- The paper demonstrates that MPPI control can approximate optimal solutions in stochastic settings while addressing deterministic suboptimality.
- It details the categorization of control problems (CLS-OCP, OLS-OCP, DET-OCP) and adapts MPPI strategies accordingly for each case.
- Numerical experiments confirm that deterministic MPPI converges with a quadratic reduction in suboptimality as uncertainty is tuned.
Optimality and Suboptimality of MPPI Control in Stochastic and Deterministic Settings
Introduction
The paper "Optimality and Suboptimality of MPPI Control in Stochastic and Deterministic Settings" (2502.20953) explores Model Predictive Path Integral (MPPI) control and examines its efficacy across various optimal control problems (OCPs). MPPI has gained prominence in robotics and reinforcement learning due to its sample-based nature, which allows parallel execution. Despite its benefits, issues surrounding suboptimality in deterministic contexts remain largely unexplored. This paper aims to bridge MPPI with the optimal control community by presenting distinct problem classes and addressing the suboptimality inherent in deterministic nonlinear discrete-time systems.
Overview of Control Problem Classes
The paper categorizes optimal control problems into three primary classes: Closed-Loop Stochastic Optimal Control (CLS-OCP), Open-Loop Stochastic Optimal Control (OLS-OCP), and Deterministic Optimal Control (DET-OCP).
CLS-OCP
CLS-OCPs focus on minimizing expected costs for systems reacting dynamically to disturbances, optimizing over policies rather than singular input trajectories. This class is typically challenging due to its inherent need for real-time feedback mechanisms during optimization.
OLS-OCP
OLS-OCPs offer a feasible alternative by optimizing the expected costs for systems over finite trajectories without adjusting for real-time disturbances. Although computationally simpler, OLS-OCPs are inherently suboptimal for closed-loop settings.
DET-OCP
DET-OCPs represent the nominal control problem, devoid of stochasticity, often resulting in local solutions due to constraints and non-linearities. The paper investigates how MPPI performs in this deterministic setting, particularly focusing on suboptimality factors.

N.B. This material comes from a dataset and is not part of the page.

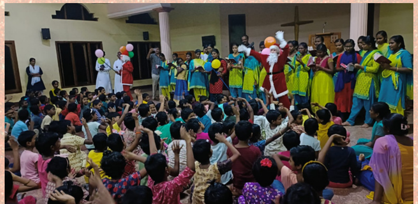
CSI Church, Dohnavur, visiting our campus during their Carol Rounds

Figure 1: PDF of optimal distribution Qβ⋆(W) for different β. The two additional interior plots show zoomed sections of the same PDF.
MPPI Control Methods
The MPPI framework is adapted to address each of the control problem classes, showcasing its flexibility in both stochastic and deterministic environments.
Stochastic MPPI
For stochastic settings, the paper explores MPPI's origins within input-affine systems and cost structures conducive to path integral approaches. Under specific assumptions, MPPI can approximate solutions to CLS-OCPs by leveraging exponential transformations akin to solving PDEs. The framework achieves tractable computational models by aligning uncertainty within controlled trajectories.
Deterministic MPPI
In deterministic contexts, MPPI introduces intentional stochasticity for trajectory exploration. The paper demonstrates the convergence of deterministic MPPI to exact solutions of DET-OCPs, with suboptimality modulated by hyperparameter tuning. Through theoretical analysis, it asserts that suboptimality diminishes at a quadratic rate relative to injected uncertainty.

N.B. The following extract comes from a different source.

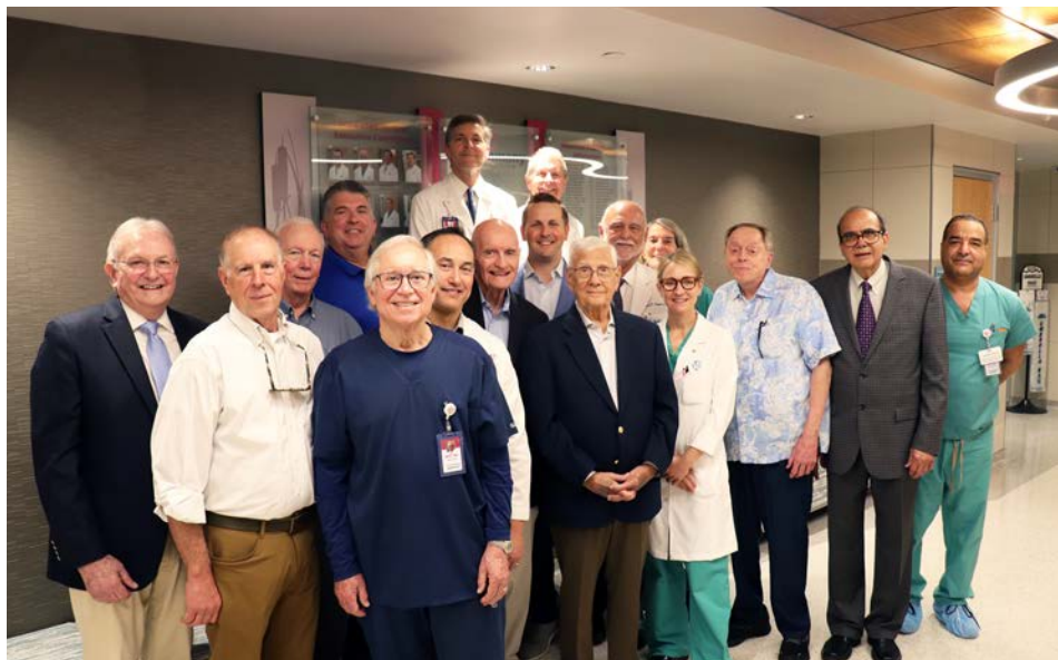
Northshore physicians who have served as chief of staff at St. Tammany Parish Hospital gather for a group photo on April 17 following the unveiling of an installation honoring those men and women who have held the position since the hospital's 1954 founding.

"This display will serve as a tribute and an inspiration to all of the physicians who practice at St. Tammany Health System to

Figure 2: Suboptimality of the MPPI solution to the DET-OCP of the controls (gold) and the value function (blue).
Implications and Computational Effort
A critical observation pertains to the computational cost associated with MPPI and alternative optimization methods. MPPI's parallel sampling capabilities prove beneficial for real-time applications, despite potential increases in computational overhead compared to Newton-type optimization. The framework's performance, notably under deterministic settings, suggests potential applicability in real-world scenarios where efficiency balances scalability.
Numerical Experiments
Numerical experiments corroborate the theoretical framework by showcasing the efficacy of deterministic MPPI in simple and complex OCPs. Results highlight the framework's adaptability to distinct dynamics types, reaffirming the paper's claims regarding convergence and suboptimality control.

Figure 3: Numerical solutions to the three different problems DET-OCP, OLS-OCP, and CLS-OCP (black), all with overall cost function \eqref{eq_ex2} based on input-affine dynamics faf (top) and nonlinear dynamics fnl (bottom) alongside the iterates of deterministic MPPI.
Conclusion
The paper extends understanding of MPPI within optimal control, particularly its role in deterministic settings. By reconciling stochastic and deterministic approaches, it provides valuable insights into tuning MPPI for minimizing suboptimality. The findings advocate for MPPI's nuanced application in both theoretical analysis and practical deployment, fostering its integration within broader control methodologies.